» Exercise aim: If a line below falls between the line with "Console Table is" and the line with "be here again.", or is one of those two, output it exactly; output nothing else and no pictures.

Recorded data
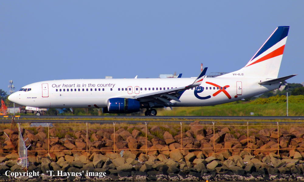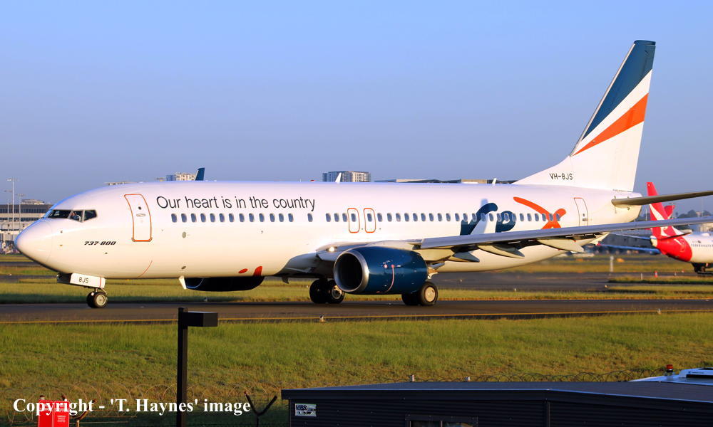 VH-8JS. Boeing 737-8SA. c/n 44218-4808. Was also registered as: 9V-MGB. |
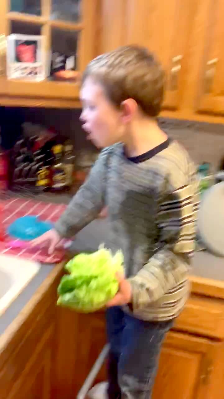 A young boy gets wet from the sink sprayer prank then whines and cries as he runs out of the kitchen.
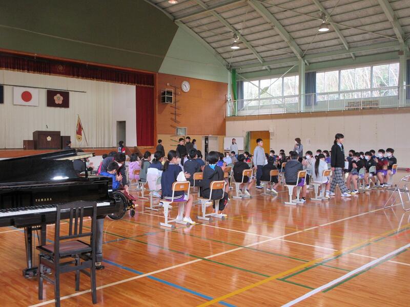 第2回目の卒業式練習を行いました。今回は、式の中での卒業生、在校生の動きや、呼びかけ・歌の一部を練習しました。
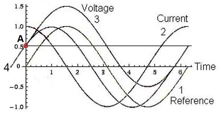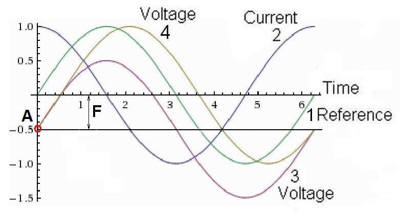rms no-offset voltage and current values by the cosine of a phase-shift
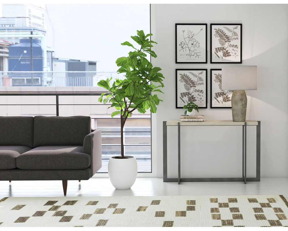 Console Table is a modern silhouette with a White Travertine Stone top 1 / 3
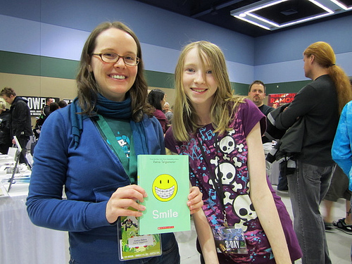 **Smile also made the TOP TEN Great Graphic Novels for Teens list, as selected by the YALSA committee. I was on this list once before, in 2007, for BSC Graphix #1: Kristy's Great Idea, and I am extremely pleased to be here again.
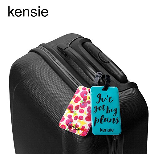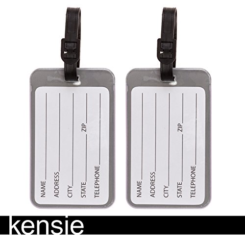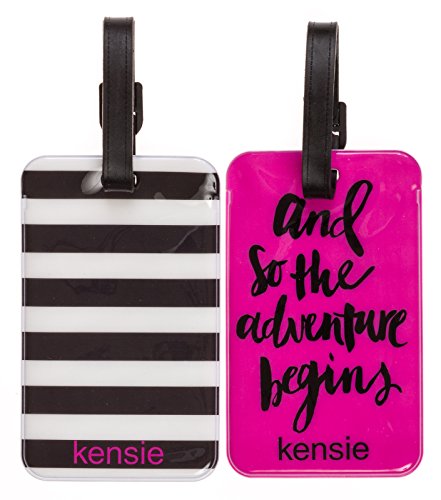 Product Description Keep your luggage from getting lost and identify them quickly using the Kensie Buckle Closure Plastic PVC Luggage Tags, 2 Pack. These luggage tags are not only funky and stylish in looks but also are very handy in identifying the baggage. One of them features a text on one side, the other one features a bright and vibrant design on one side, while both of them feature the identification cards on the other. These tags add a light-hearted touch to your already exciting traveling experience. They can be attached easily to suitcases, backpacks, golf bags, laptop bags etc. Now leave the worry of losing your baggage and travel in a relaxing manner. 0
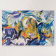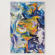 Los colores bajan y fluyen, creando ondas del movimiento en este extracto. Las tonalidades de azules, de amarillos, de naranjas y de púrpuras equilibran la composición de esta pintura. ¿Pues usted junta las piezas de los rompecabezas juntos, cuántas caras usted encontrará ocultadas?
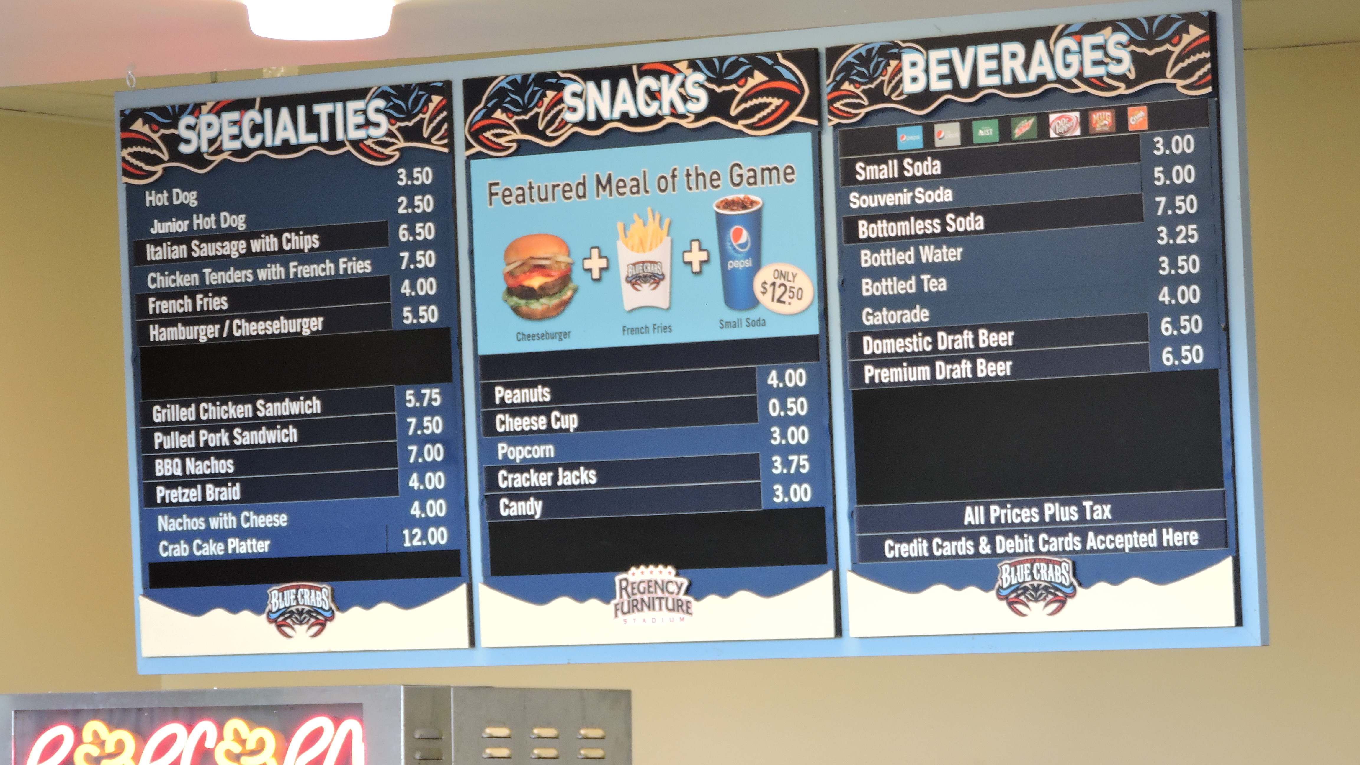 The Blue Crab is a great team nickname, regionally inspired by the species so prominent in the nearby Chesapeake Bay…..As fans first enter the parking lot, the first thing visible is a “Welcome to Crustacean Nation” sign. Though the whole “Nation” line is way overused, the phrase is cool for the use of Crustacean (a scientific shellfish name) and fans have taken well to it…..The addition of little touches throughout the ballpark partially make up for the lack of team displays. Engraved into the chairs in the picnic area is the Blue Crabs logo, while the team store is called the “Crab Shack”…..The team has a few Crab Feasts each season, where fans can buy a $40 ticket and eat as many crabs they want.
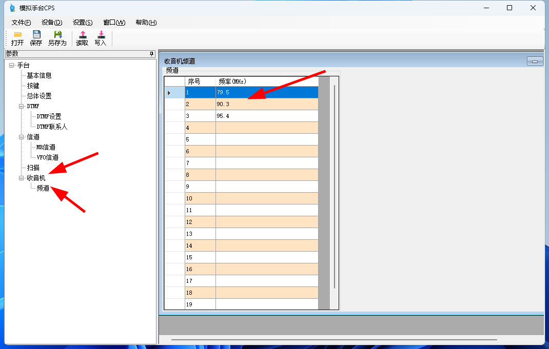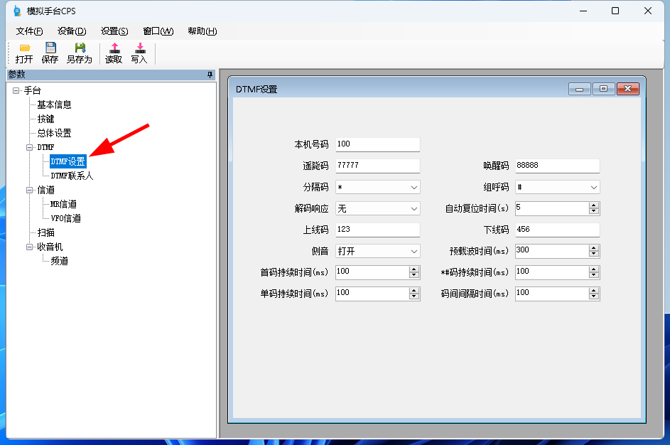通过写频软件主界面左侧的参数栏,我们可以查看到对讲机的基本信息:
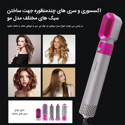 داشتن این سشوار که به شما امکان می دهد موهای خود را خشک کنید و در عین حال با وجود 5 سری مختلف مدل موی عالی ایجاد کنید. این سشوار با وجود 5 سری مختلف این امکان را به شما می دهد که مدل موی صاف، فر و مجعد ایجاد نمایید. همچنین یک شانه معمولی برای مدل موی معمولی در بسته وجود دارد.
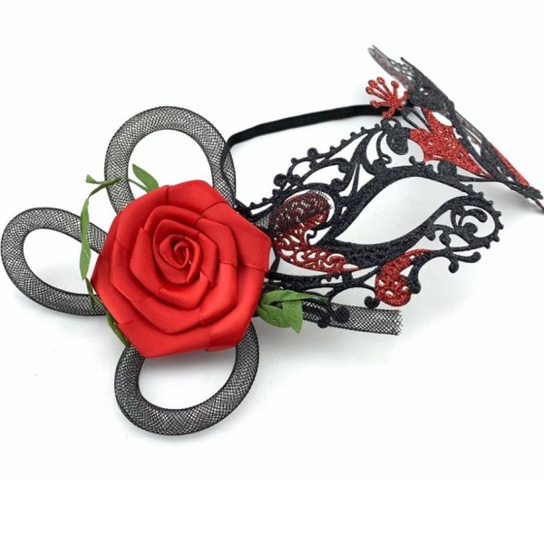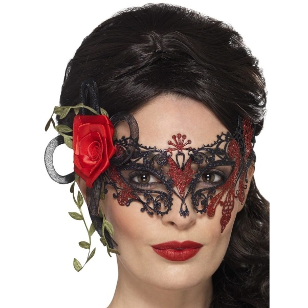 Pozvěte své přátele na Halloweenský večer a přivítejte je jako tajemná dáma, která má ukrytou svou tvář pod touto luxusní filigránovou škraboškou s rudou růží po straně.
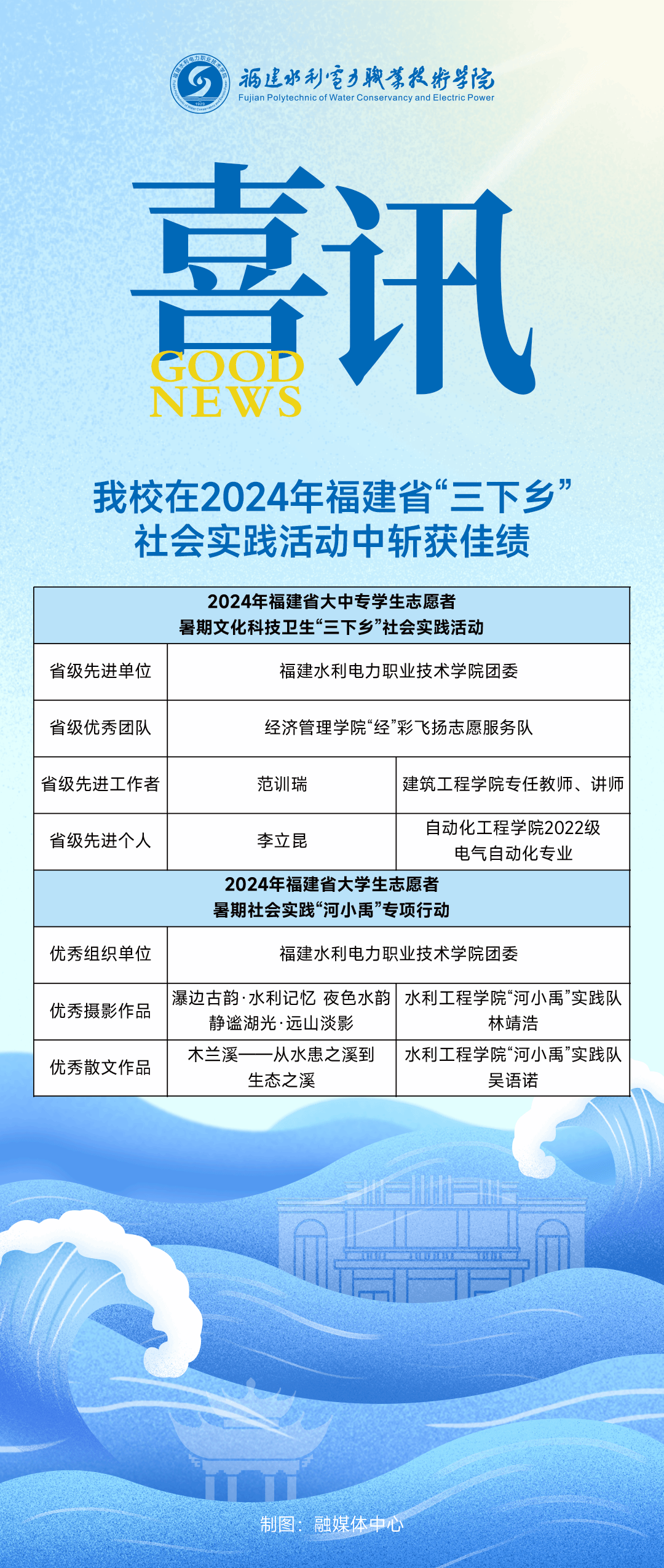 近日,2024年福建省大学生暑期文化科技卫生“三下乡”社会实践系列活动评选结果公布,我校获评共7项,连续三年获评“省级先进单位”。
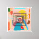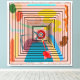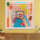 Um padrão geométrico vibrante e colorido, com quadrados concêntricos centrados, desenhar o olho para dentro, rodeado por várias formas de abstrato em tons brilhantes. Uma seta direcionada aponta para o ponto focal, acrescentando um sentido de direção e movimento.
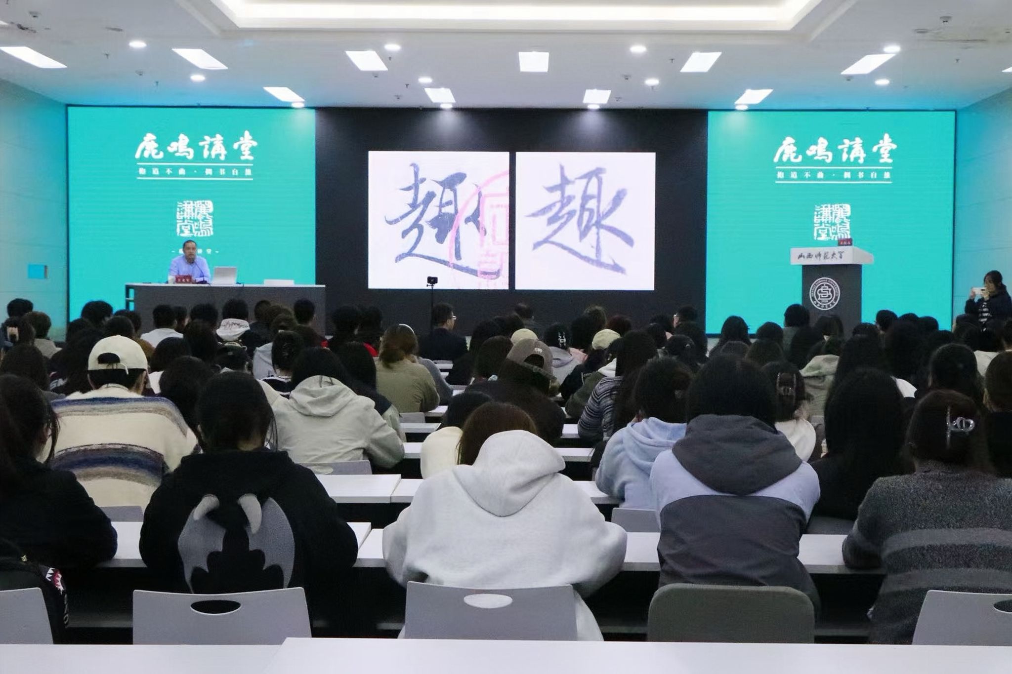 讲座现场气氛热烈,互动环节中,同学们围绕书法学习中的风格塑造、经典临摹的方法路径、传统与创新的关系等问题积极提问,王义军教授逐一耐心解答,既有理论高度,又具实践指导意义,赢得了在场师生的阵阵掌声。
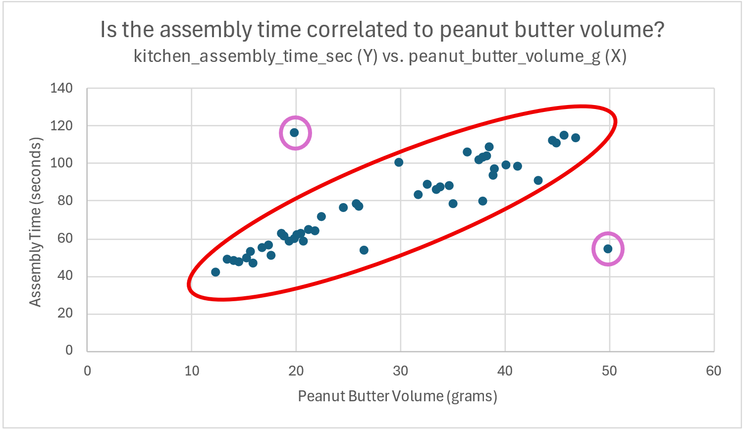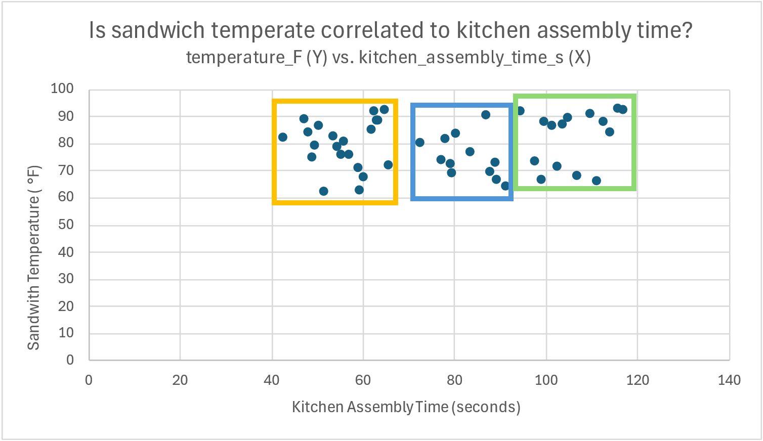 To get the data, Shef B. Foods conducted a randomized study, where they watched their 5 best Chefs make about 50 PB&H sandwiches using different kinds of ingredients and methods, as mentioned above. They recorded the ingredients (brands, volumes, weights), the sandwich temperatures, and the assembly times, as well as which Chef made each sandwich.
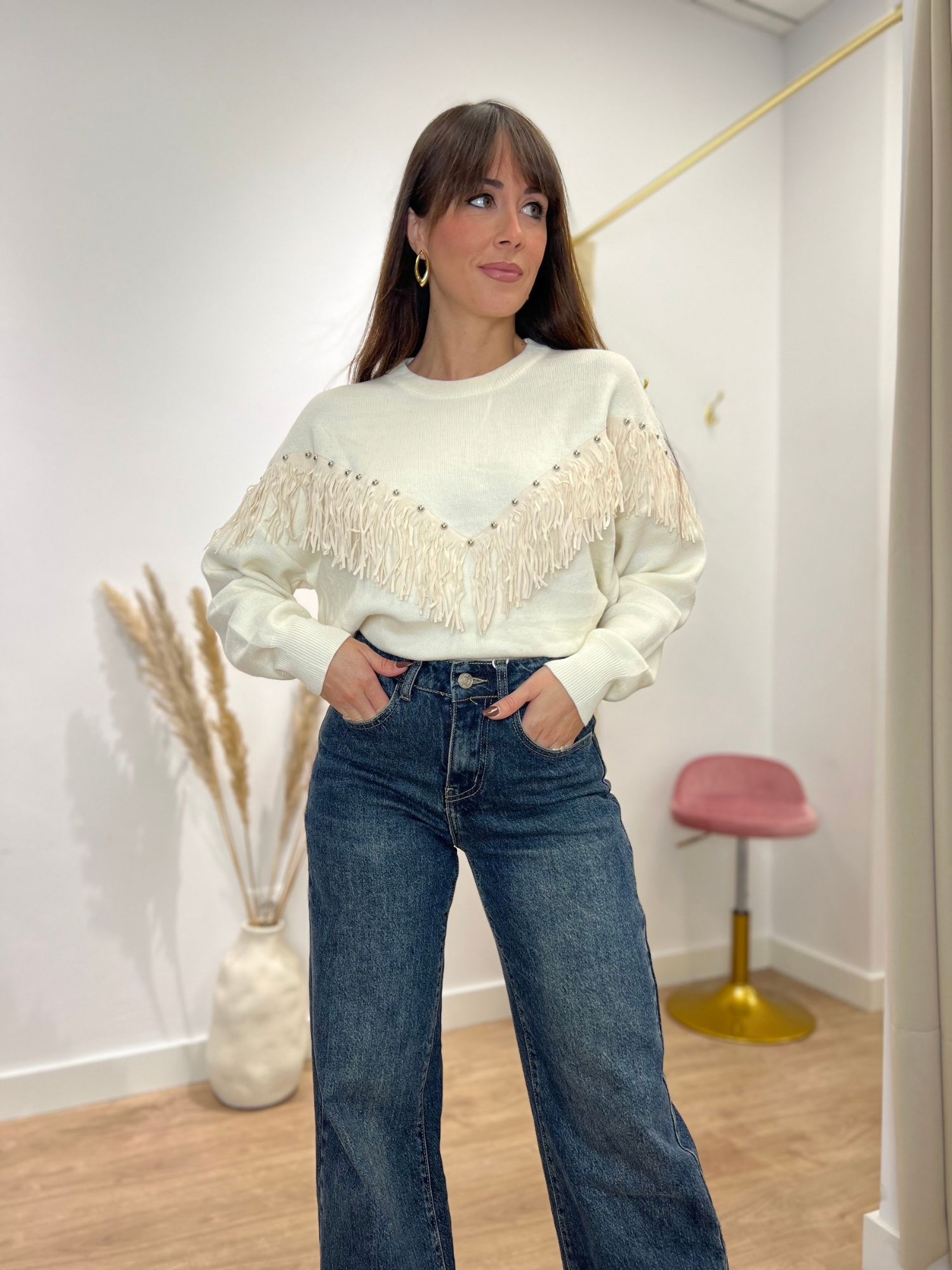 Este jersey es de esos que transforman un look básico en algo especial sin esfuerzo. El detalle de flecos con tachuelas crea una forma en V que estiliza y llama la atención justo donde favorece. Si te cuesta salir del típico jersey liso… este te lo pone fácil. Talla única (que en este modelo equivale a 36/38/40).
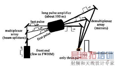 对于准分子激光放大器,由于激活介质的上能态储能时间很短,必须连续补充瞬态储能(Em)才能获得高能输出,即E=EmT/t,其中T是增益时间,t是增益恢复时间。对于电子束泵浦的准分子激光放大器,增益时间可以长达200ns,T/t≈100,这意味着对于单个要放大的短脉冲,只能提取出很小一部分能量。为了持续提取出放大器中的储能,通常使用光学多路编码技术 。

» Solved problem:
 Console Table is a modern silhouette with a White Travertine Stone top 1 / 3
 **Smile also made the TOP TEN Great Graphic Novels for Teens list, as selected by the YALSA committee. I was on this list once before, in 2007, for BSC Graphix #1: Kristy's Great Idea, and I am extremely pleased to be here again.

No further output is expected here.